What the task asks:
In the records below, begin at the line that has "みんなで風船運びゲームに挑戦" and stop after the line that has "Мой дед - ветеран"; quote those lines verbatim and nothing more.

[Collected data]
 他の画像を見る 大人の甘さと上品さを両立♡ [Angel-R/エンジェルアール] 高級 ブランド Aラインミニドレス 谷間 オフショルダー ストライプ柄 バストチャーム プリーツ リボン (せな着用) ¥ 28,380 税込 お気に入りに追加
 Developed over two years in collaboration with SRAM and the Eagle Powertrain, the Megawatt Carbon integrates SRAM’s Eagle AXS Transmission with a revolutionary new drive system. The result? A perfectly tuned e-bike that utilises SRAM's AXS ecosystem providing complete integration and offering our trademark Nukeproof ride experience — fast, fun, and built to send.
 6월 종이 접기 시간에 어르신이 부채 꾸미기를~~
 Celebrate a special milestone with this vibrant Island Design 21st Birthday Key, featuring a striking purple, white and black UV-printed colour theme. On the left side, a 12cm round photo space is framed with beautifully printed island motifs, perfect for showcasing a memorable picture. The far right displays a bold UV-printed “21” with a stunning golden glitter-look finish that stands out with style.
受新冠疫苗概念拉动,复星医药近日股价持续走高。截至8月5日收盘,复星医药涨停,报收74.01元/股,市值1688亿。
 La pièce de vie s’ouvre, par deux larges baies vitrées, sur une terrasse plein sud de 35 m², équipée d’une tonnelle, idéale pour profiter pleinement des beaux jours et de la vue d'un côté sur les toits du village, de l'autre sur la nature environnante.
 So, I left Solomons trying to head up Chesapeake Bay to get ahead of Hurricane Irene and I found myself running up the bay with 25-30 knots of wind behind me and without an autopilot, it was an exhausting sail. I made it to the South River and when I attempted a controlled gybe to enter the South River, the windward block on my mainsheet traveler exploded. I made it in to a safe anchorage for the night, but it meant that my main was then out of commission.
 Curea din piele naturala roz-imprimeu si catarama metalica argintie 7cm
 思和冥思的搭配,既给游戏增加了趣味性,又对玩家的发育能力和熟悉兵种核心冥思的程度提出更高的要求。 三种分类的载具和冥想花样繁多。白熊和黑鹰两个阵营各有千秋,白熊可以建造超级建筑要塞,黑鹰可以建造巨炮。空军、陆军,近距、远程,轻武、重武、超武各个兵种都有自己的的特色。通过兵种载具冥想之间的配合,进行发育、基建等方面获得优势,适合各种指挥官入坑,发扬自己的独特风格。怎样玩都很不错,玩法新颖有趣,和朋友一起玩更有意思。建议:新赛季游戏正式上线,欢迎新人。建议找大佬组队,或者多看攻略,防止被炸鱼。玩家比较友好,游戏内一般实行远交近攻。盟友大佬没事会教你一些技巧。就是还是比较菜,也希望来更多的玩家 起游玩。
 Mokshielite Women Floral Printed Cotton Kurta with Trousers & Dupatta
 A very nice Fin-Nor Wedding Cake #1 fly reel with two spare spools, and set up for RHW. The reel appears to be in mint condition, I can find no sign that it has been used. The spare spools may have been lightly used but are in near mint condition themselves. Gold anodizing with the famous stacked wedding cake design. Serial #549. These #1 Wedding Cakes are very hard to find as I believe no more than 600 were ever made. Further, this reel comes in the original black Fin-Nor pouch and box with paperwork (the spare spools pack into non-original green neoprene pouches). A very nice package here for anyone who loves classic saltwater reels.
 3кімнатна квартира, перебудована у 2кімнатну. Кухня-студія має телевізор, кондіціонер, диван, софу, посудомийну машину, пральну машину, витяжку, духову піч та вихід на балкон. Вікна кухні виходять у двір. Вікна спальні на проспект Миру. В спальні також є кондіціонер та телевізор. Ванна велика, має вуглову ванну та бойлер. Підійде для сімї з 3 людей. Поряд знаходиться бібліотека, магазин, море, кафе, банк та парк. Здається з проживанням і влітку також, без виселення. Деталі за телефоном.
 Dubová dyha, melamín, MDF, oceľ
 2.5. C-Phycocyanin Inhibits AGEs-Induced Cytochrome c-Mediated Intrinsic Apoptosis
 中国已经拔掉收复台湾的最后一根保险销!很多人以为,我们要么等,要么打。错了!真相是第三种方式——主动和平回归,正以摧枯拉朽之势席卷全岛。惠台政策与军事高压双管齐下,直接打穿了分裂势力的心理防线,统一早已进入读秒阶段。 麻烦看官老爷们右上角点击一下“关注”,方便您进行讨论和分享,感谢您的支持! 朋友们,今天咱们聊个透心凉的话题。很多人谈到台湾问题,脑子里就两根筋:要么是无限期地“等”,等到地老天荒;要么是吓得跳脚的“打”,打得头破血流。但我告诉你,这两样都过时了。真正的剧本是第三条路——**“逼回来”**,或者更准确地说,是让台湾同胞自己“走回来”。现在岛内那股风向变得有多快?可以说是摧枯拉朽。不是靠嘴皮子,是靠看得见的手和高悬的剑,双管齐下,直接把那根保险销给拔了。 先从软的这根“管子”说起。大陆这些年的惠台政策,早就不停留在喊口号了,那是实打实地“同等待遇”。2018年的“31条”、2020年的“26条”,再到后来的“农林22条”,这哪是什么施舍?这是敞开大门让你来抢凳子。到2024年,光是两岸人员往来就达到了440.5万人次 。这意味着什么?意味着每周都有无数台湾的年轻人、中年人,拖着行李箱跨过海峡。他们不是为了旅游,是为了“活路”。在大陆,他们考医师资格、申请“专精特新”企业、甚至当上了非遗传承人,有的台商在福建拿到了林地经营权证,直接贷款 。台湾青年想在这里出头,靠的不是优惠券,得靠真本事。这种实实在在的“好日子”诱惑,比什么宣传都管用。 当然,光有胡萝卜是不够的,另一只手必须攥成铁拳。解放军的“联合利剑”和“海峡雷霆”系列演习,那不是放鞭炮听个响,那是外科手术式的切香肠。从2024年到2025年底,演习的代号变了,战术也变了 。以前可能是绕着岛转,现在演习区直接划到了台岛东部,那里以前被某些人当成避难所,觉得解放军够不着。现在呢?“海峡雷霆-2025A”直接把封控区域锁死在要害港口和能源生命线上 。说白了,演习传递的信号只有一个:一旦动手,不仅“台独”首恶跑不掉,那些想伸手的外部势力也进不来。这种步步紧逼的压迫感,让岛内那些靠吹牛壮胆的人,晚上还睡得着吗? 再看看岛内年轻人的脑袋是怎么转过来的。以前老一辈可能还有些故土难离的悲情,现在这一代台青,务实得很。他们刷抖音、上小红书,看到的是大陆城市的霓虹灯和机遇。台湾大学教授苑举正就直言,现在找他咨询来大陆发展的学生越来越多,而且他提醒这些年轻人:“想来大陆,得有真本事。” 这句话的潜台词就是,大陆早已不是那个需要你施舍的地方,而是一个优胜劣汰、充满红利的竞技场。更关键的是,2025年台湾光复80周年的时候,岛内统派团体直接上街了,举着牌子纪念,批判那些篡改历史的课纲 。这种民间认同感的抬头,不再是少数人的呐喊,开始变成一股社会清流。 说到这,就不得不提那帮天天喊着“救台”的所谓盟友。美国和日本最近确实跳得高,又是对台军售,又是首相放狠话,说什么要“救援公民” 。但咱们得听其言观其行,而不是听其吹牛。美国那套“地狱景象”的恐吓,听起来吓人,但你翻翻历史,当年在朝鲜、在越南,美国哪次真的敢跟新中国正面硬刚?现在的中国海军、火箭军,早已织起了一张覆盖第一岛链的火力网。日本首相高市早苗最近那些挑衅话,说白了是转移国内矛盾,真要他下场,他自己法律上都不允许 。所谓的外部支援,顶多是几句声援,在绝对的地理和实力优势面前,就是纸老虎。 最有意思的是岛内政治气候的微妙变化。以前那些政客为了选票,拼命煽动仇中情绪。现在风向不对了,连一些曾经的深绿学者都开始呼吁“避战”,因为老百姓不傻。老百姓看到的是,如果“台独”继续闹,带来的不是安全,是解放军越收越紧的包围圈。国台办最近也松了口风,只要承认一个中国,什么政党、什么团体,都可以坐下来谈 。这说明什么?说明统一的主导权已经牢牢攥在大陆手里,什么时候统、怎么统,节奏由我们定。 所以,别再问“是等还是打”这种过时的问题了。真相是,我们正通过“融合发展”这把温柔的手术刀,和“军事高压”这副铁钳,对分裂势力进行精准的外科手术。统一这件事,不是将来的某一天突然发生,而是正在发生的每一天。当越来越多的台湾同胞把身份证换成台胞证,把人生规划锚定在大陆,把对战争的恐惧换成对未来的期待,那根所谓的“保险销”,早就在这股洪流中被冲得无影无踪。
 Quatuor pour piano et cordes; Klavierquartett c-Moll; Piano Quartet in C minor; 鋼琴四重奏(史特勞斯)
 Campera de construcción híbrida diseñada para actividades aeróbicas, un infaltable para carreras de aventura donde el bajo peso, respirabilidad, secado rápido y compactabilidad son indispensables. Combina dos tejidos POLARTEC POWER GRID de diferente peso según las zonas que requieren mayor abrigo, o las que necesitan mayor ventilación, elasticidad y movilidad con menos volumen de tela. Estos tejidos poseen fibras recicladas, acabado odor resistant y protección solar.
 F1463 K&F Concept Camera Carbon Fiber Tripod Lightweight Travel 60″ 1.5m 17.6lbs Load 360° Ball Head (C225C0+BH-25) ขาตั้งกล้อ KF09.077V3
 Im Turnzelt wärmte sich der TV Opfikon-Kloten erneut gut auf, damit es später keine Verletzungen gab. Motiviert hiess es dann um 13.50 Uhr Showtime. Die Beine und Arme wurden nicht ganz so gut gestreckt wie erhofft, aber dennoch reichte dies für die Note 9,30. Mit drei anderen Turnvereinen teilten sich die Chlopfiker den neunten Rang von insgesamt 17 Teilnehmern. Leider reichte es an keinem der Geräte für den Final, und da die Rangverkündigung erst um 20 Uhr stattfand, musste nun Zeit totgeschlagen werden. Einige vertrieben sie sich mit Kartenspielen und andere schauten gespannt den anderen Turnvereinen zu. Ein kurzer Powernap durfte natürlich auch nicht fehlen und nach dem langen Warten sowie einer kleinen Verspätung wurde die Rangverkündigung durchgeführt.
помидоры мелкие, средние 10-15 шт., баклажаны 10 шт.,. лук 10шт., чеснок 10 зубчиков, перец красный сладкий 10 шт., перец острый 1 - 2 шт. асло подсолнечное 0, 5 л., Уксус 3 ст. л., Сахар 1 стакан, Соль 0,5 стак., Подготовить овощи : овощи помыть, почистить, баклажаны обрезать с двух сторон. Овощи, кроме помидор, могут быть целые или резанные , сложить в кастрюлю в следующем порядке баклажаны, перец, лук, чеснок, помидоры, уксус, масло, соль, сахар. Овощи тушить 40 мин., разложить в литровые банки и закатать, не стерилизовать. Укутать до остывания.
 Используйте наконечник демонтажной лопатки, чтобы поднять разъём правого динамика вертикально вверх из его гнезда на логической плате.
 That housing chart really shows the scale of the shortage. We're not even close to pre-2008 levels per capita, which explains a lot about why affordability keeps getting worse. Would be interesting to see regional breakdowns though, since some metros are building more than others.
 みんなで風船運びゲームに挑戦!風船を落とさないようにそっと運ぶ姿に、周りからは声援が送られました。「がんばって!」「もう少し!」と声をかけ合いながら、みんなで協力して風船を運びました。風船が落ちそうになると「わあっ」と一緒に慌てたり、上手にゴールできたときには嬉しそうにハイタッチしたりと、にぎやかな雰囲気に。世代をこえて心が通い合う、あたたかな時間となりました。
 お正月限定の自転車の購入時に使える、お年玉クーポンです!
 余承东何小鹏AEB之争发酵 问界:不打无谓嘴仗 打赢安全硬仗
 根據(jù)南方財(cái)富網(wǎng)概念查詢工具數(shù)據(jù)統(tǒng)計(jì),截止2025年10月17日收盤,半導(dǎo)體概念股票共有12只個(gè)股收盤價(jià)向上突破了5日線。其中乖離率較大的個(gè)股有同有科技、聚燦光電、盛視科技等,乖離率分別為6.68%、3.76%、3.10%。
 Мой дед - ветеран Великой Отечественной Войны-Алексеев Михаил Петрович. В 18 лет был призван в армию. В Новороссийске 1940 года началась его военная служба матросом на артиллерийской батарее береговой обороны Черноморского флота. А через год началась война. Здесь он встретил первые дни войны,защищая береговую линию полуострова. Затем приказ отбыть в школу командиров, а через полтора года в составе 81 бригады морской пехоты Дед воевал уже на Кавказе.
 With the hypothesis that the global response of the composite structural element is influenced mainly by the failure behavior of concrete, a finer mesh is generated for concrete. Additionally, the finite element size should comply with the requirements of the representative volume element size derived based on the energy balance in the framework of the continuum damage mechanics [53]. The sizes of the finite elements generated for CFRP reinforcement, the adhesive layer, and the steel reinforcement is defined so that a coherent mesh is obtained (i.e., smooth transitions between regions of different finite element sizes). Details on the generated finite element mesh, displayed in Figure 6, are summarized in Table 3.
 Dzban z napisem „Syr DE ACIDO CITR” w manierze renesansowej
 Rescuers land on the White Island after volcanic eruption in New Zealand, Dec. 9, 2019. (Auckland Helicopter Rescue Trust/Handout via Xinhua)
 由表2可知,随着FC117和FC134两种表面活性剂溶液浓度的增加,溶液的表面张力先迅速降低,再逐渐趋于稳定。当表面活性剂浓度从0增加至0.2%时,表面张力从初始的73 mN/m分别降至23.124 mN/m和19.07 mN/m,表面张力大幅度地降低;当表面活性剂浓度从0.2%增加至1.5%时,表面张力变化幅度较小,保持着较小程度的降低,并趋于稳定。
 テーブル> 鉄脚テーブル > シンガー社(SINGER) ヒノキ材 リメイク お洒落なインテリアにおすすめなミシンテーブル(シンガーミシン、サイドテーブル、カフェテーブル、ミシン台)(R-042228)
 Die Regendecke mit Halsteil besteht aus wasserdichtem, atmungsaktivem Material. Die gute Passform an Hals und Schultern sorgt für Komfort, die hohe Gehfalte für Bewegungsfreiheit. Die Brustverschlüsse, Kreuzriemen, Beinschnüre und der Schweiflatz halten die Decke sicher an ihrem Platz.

Exercise answer:
 みんなで風船運びゲームに挑戦!風船を落とさないようにそっと運ぶ姿に、周りからは声援が送られました。「がんばって!」「もう少し!」と声をかけ合いながら、みんなで協力して風船を運びました。風船が落ちそうになると「わあっ」と一緒に慌てたり、上手にゴールできたときには嬉しそうにハイタッチしたりと、にぎやかな雰囲気に。世代をこえて心が通い合う、あたたかな時間となりました。
 お正月限定の自転車の購入時に使える、お年玉クーポンです!
 余承东何小鹏AEB之争发酵 问界:不打无谓嘴仗 打赢安全硬仗
 根據(jù)南方財(cái)富網(wǎng)概念查詢工具數(shù)據(jù)統(tǒng)計(jì),截止2025年10月17日收盤,半導(dǎo)體概念股票共有12只個(gè)股收盤價(jià)向上突破了5日線。其中乖離率較大的個(gè)股有同有科技、聚燦光電、盛視科技等,乖離率分別為6.68%、3.76%、3.10%。
 Мой дед - ветеран Великой Отечественной Войны-Алексеев Михаил Петрович. В 18 лет был призван в армию. В Новороссийске 1940 года началась его военная служба матросом на артиллерийской батарее береговой обороны Черноморского флота. А через год началась война. Здесь он встретил первые дни войны,защищая береговую линию полуострова. Затем приказ отбыть в школу командиров, а через полтора года в составе 81 бригады морской пехоты Дед воевал уже на Кавказе.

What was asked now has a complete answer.